- _Data supplied_
----------

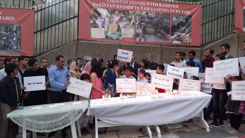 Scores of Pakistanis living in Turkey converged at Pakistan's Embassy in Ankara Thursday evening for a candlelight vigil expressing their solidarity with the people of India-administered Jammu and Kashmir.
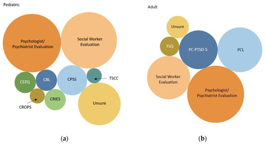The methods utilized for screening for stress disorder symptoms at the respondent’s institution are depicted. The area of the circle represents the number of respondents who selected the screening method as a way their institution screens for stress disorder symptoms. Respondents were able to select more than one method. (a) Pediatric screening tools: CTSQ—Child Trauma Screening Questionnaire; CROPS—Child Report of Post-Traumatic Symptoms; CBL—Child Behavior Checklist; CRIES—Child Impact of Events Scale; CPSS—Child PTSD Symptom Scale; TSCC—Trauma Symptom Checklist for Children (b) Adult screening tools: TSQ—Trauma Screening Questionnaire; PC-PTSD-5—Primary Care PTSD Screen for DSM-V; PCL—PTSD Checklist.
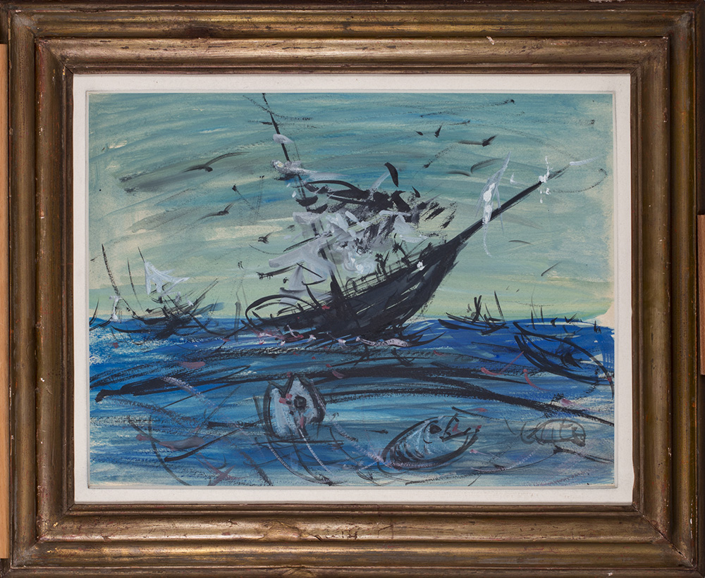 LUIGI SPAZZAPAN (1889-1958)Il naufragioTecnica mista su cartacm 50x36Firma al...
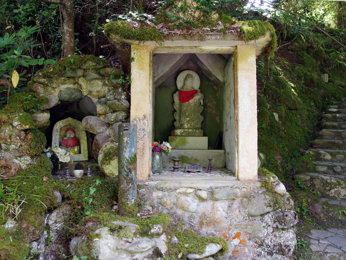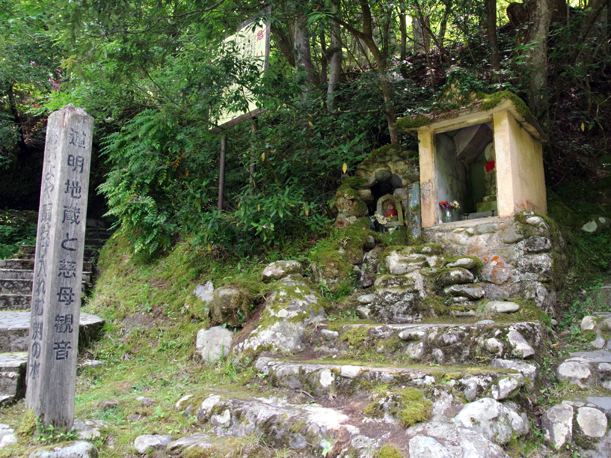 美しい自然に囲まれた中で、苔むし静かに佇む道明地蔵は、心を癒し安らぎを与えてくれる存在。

----------

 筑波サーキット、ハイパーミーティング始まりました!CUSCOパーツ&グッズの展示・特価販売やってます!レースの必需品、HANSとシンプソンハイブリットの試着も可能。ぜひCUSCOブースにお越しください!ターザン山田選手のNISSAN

----------

- _Problem details_
Copy everything above from the line holding "Scores of Pakistanis" down to the line holding "美しい自然に囲まれた中で、苔", both ends included, exactly as it stands and without the pictures.

- _Written solution_
 Scores of Pakistanis living in Turkey converged at Pakistan's Embassy in Ankara Thursday evening for a candlelight vigil expressing their solidarity with the people of India-administered Jammu and Kashmir.
The methods utilized for screening for stress disorder symptoms at the respondent’s institution are depicted. The area of the circle represents the number of respondents who selected the screening method as a way their institution screens for stress disorder symptoms. Respondents were able to select more than one method. (a) Pediatric screening tools: CTSQ—Child Trauma Screening Questionnaire; CROPS—Child Report of Post-Traumatic Symptoms; CBL—Child Behavior Checklist; CRIES—Child Impact of Events Scale; CPSS—Child PTSD Symptom Scale; TSCC—Trauma Symptom Checklist for Children (b) Adult screening tools: TSQ—Trauma Screening Questionnaire; PC-PTSD-5—Primary Care PTSD Screen for DSM-V; PCL—PTSD Checklist.
 LUIGI SPAZZAPAN (1889-1958)Il naufragioTecnica mista su cartacm 50x36Firma al...
 美しい自然に囲まれた中で、苔むし静かに佇む道明地蔵は、心を癒し安らぎを与えてくれる存在。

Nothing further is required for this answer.